BEGIN Dataset extract
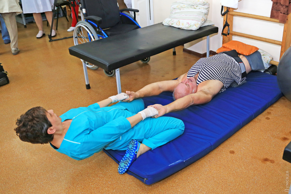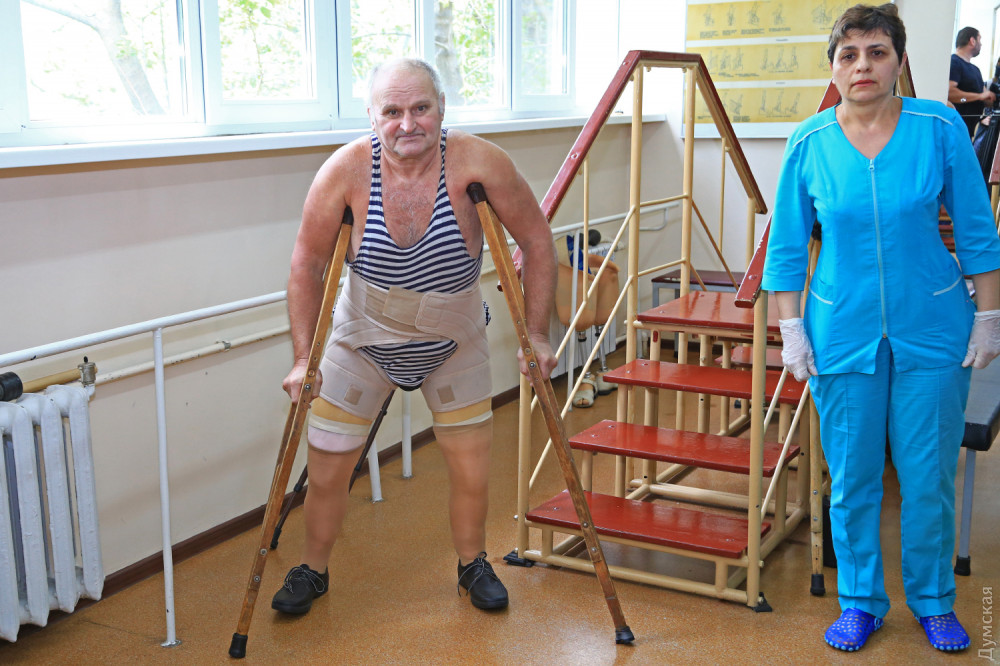 На третьем этаже комплекса находится стационар, где лечатся, проходят реабилитацию и учатся жить с протезами мужчины и женщины, по разным причинам лишившиеся рук и ног. Возраст в основном послепенсионный. Один из пациентов в результате ампутации остался без обеих ног, но не теряет оптимизма. Врачи и медсестры рассказывают, что Виктор Кравченко очень волевой человек – ежедневно по несколько часов тренируется и твердо верит, что через пару месяцев с помощью искусственных ног сможет самостоятельно передвигаться. Первые шаги с костылями он делает и сейчас, но по выступающей на лице испарине заметно, с каким трудом дается такая тренировка. Он не сдается, тем более, что в стационаре есть пример для подражания. Одессит Рафик Османов тоже остался без обеих ног, но за прошедшие два десятилетия научился ходить и, по его словам, даже забывает, что вместо ног протезы.
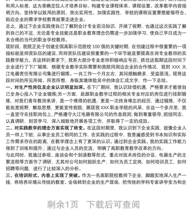 教師下企業(yè)實(shí)踐總結(jié)三篇
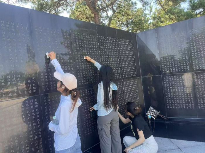 在英烈館“英名墻”前,團(tuán)隊(duì)成員自發(fā)拿起抹布,輕輕擦拭鐫刻著“劉”姓烈士姓名的墻面。劉杉杉同學(xué)輕聲念出一個(gè)個(gè)陌生卻莊嚴(yán)的名字,感慨地說:“他們可能是我的同鄉(xiāng)、同族,甚至可能是我的祖輩。”這一刻,歷史不再是課本上的文字,而是血脈相連的記憶,是激勵(lì)我們前行的精神火種。
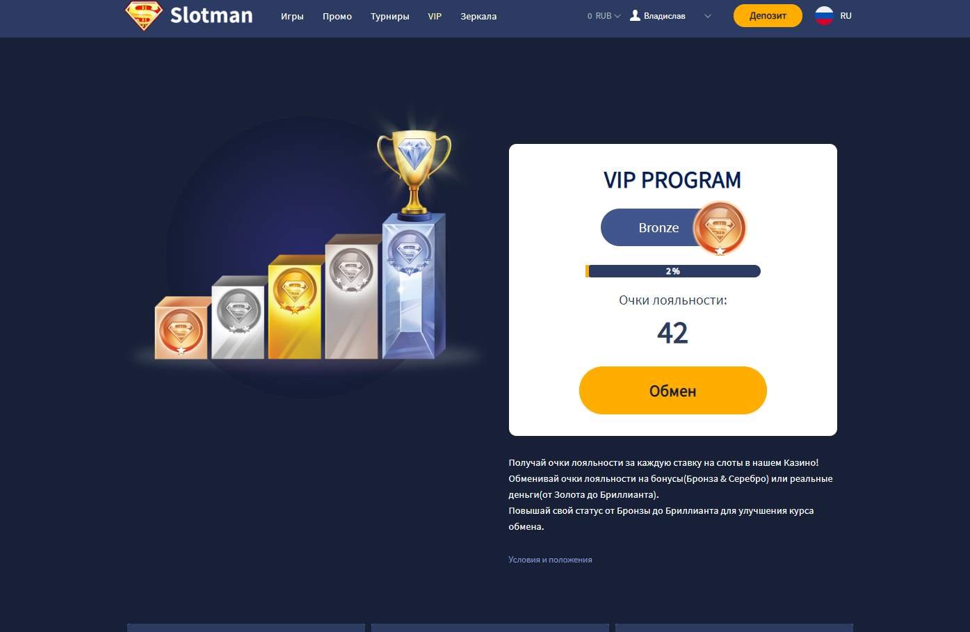 Наконец, Слотман является домом для захватывающего VIP-клуба. Эта бонусная программа лояльности позволяет вам получать карманные очки с каждой сделанной ставкой. Эти баллы можно обменять на бонусы (на бронзовом и серебряном уровнях) и конвертировать в реальные деньги, если вы достигнете Золотого и Алмазного уровней клуба лояльности.
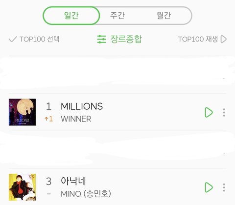 일간 순위 위너가 올라오면 송민호가 내려감
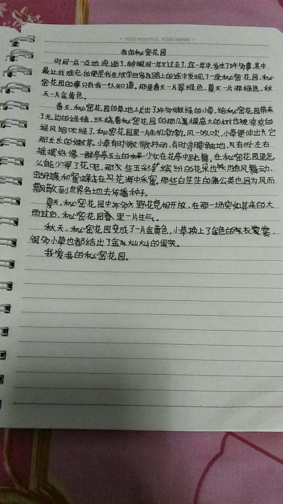 我的“秘密花园” 热613 类别:原创 发表时间:2018-08-26 20:52 已有 614 次阅读 指导老师:时佩琪 所属学校:登封市中岳街道办事处中心小学
END Dataset extract
_Task details_
Once the pictures are set aside, please output all the data word for word.

_Expected output_
 На третьем этаже комплекса находится стационар, где лечатся, проходят реабилитацию и учатся жить с протезами мужчины и женщины, по разным причинам лишившиеся рук и ног. Возраст в основном послепенсионный. Один из пациентов в результате ампутации остался без обеих ног, но не теряет оптимизма. Врачи и медсестры рассказывают, что Виктор Кравченко очень волевой человек – ежедневно по несколько часов тренируется и твердо верит, что через пару месяцев с помощью искусственных ног сможет самостоятельно передвигаться. Первые шаги с костылями он делает и сейчас, но по выступающей на лице испарине заметно, с каким трудом дается такая тренировка. Он не сдается, тем более, что в стационаре есть пример для подражания. Одессит Рафик Османов тоже остался без обеих ног, но за прошедшие два десятилетия научился ходить и, по его словам, даже забывает, что вместо ног протезы.
 教師下企業(yè)實(shí)踐總結(jié)三篇
 在英烈館“英名墻”前,團(tuán)隊(duì)成員自發(fā)拿起抹布,輕輕擦拭鐫刻著“劉”姓烈士姓名的墻面。劉杉杉同學(xué)輕聲念出一個(gè)個(gè)陌生卻莊嚴(yán)的名字,感慨地說:“他們可能是我的同鄉(xiāng)、同族,甚至可能是我的祖輩。”這一刻,歷史不再是課本上的文字,而是血脈相連的記憶,是激勵(lì)我們前行的精神火種。
 Наконец, Слотман является домом для захватывающего VIP-клуба. Эта бонусная программа лояльности позволяет вам получать карманные очки с каждой сделанной ставкой. Эти баллы можно обменять на бонусы (на бронзовом и серебряном уровнях) и конвертировать в реальные деньги, если вы достигнете Золотого и Алмазного уровней клуба лояльности.
 일간 순위 위너가 올라오면 송민호가 내려감
 我的“秘密花园” 热613 类别:原创 发表时间:2018-08-26 20:52 已有 614 次阅读 指导老师:时佩琪 所属学校:登封市中岳街道办事处中心小学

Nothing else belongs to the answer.